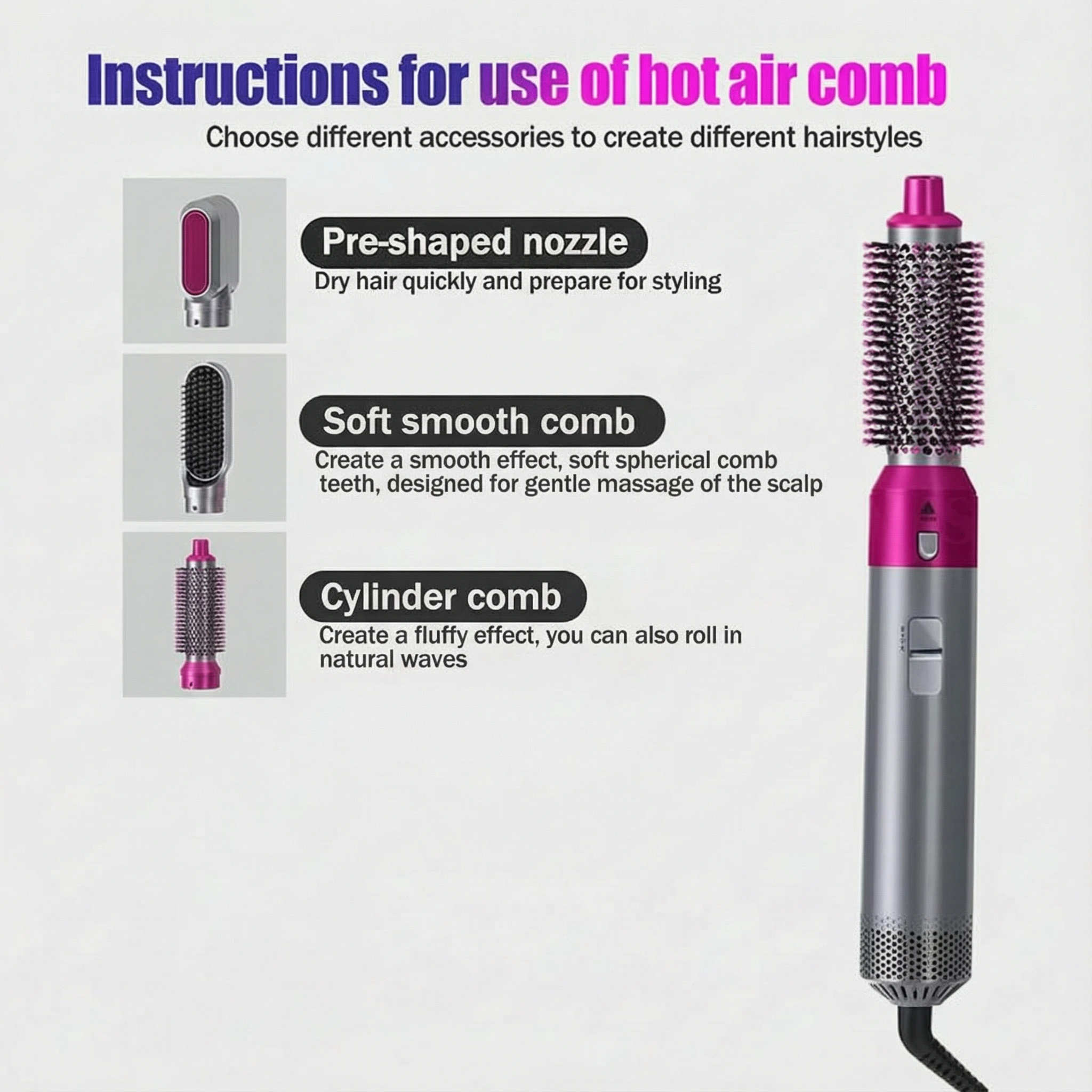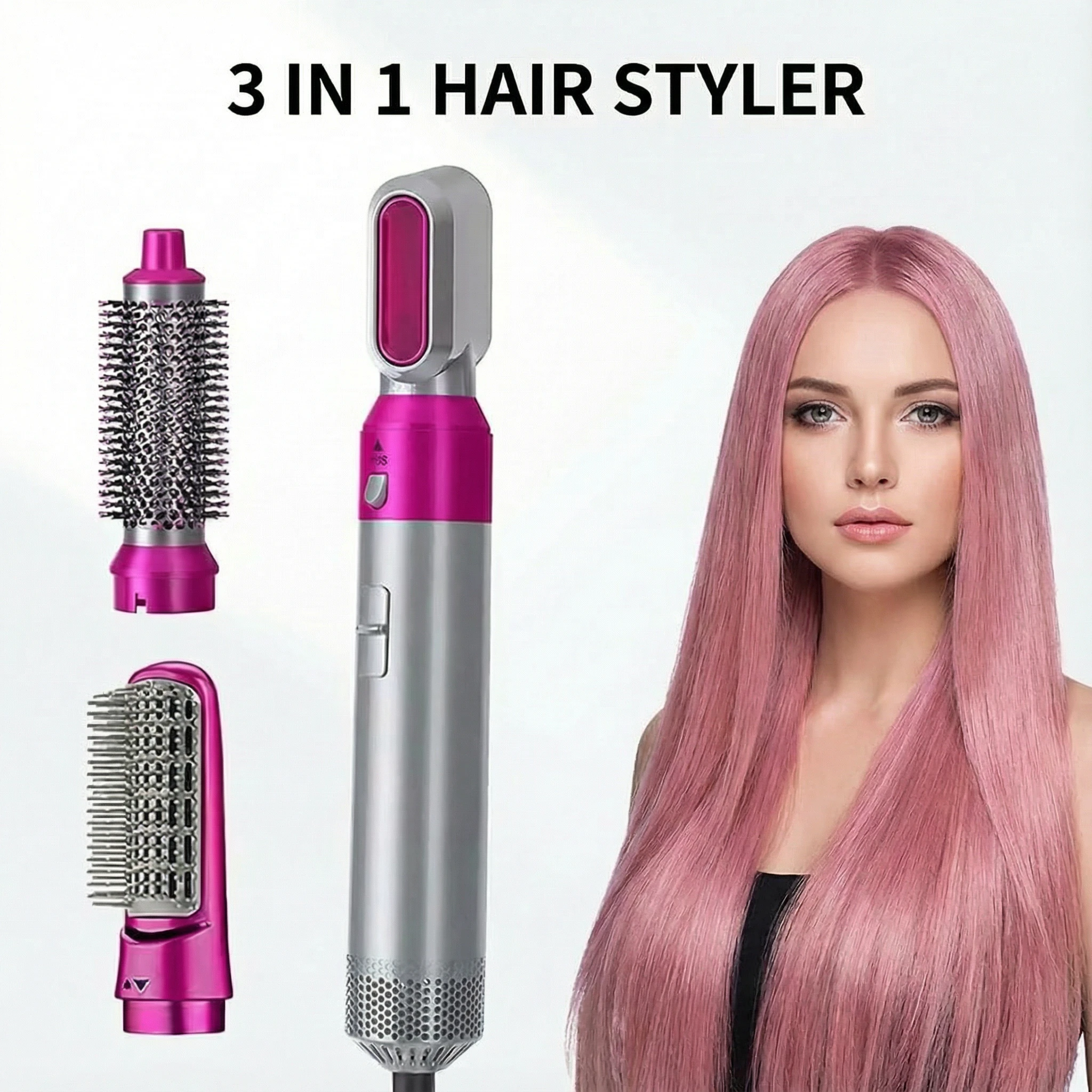 Featuring anti-static technology, it helps reduce frizz and flyaways while enhancing natural shine. The included three interchangeable attachments allow you to dry, straighten, and add volume with ease. Its lightweight and ergonomic design makes styling comfortable and quick, whether at home or on the go.
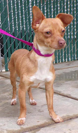 “Brownie” is a young male Chihuahua mix with a red and white coat.
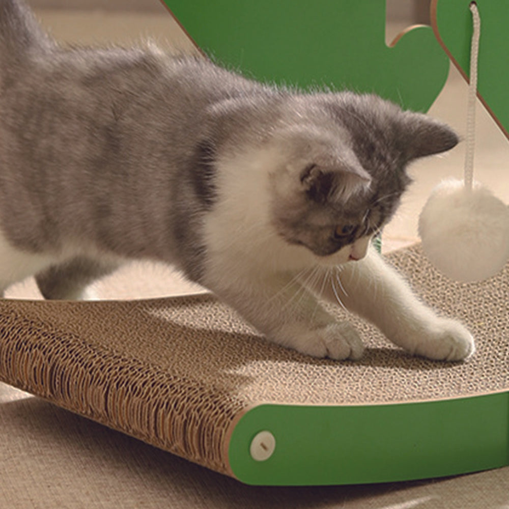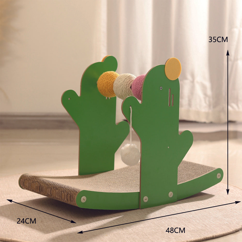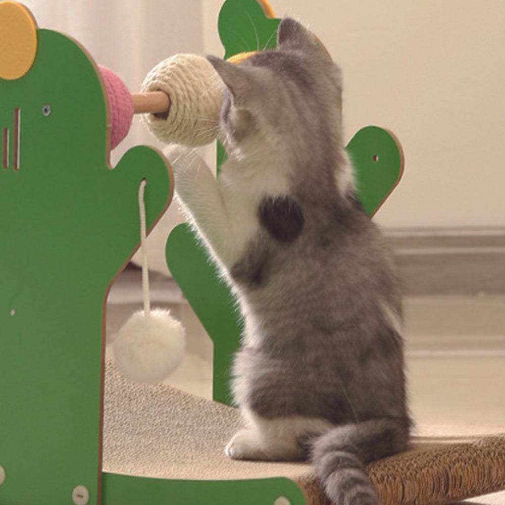 Cactus Corrugated Paper Seesaw Cat Scratcher boasts thick, durable corrugated paper and a replaceable inner core for extended play. It features three small scratch balls and a large plush ball, appealing to both kittens and cats. Ideal for multi-cat households, it serves as a practical and versatile play and rest area. The toy ensures continuous entertainment, keeping your cat engaged and active. With its durability and variety, this interactive toy is designed to prevent any dull moments for your feline friend, providing both fun and comfort.
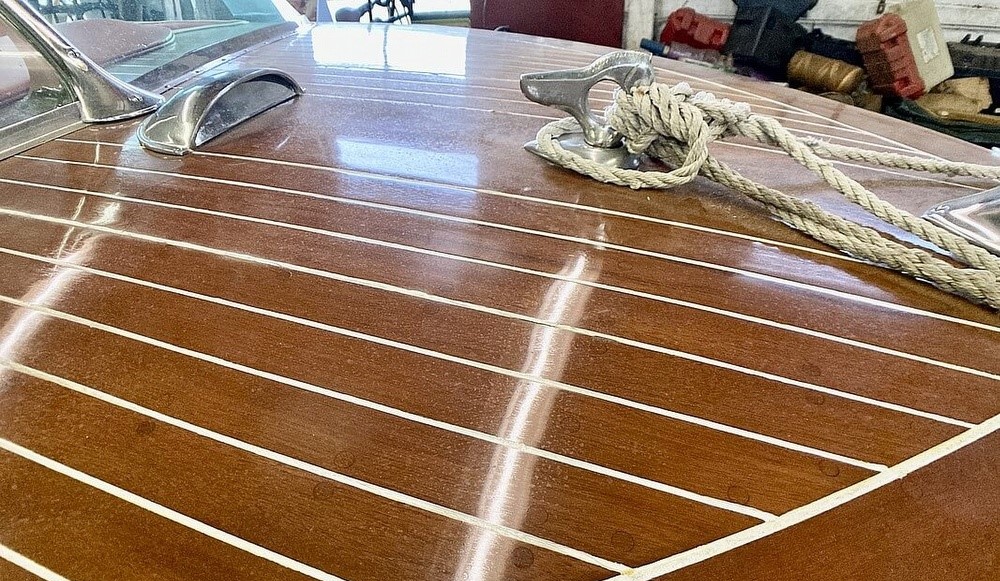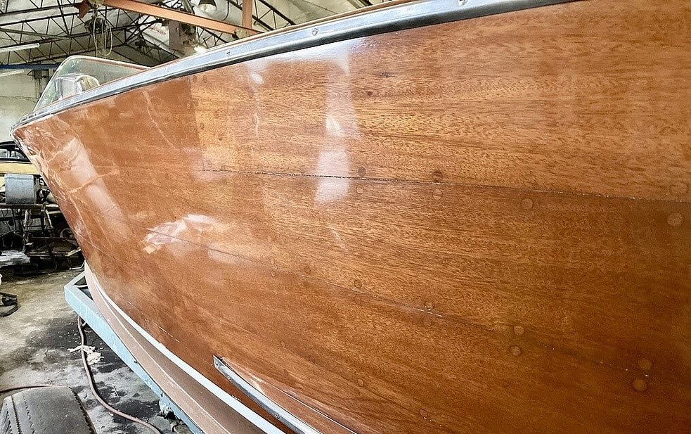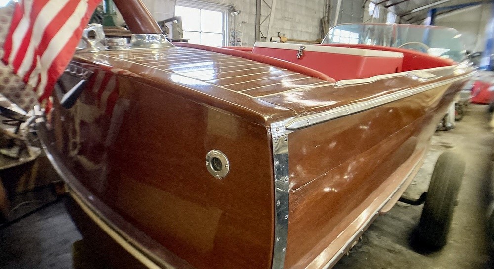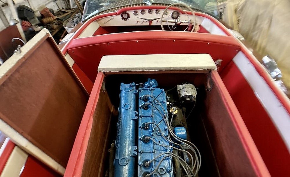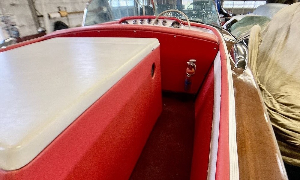 Beautifully restored Resorter with new Nautique floor. Finish is beautiful, however, the engine is not running, but loose. The gas tank needs to be cleaned out. Perfect for repair or engine replacement.

.....

**TASK DETAILS**
Please write out only the material above, exactly, from its first line through the line that contains "and white coat.", and include no pictures.

**RESPONSE FOR THIS EXERCISE**
 Featuring anti-static technology, it helps reduce frizz and flyaways while enhancing natural shine. The included three interchangeable attachments allow you to dry, straighten, and add volume with ease. Its lightweight and ergonomic design makes styling comfortable and quick, whether at home or on the go.
 “Brownie” is a young male Chihuahua mix with a red and white coat.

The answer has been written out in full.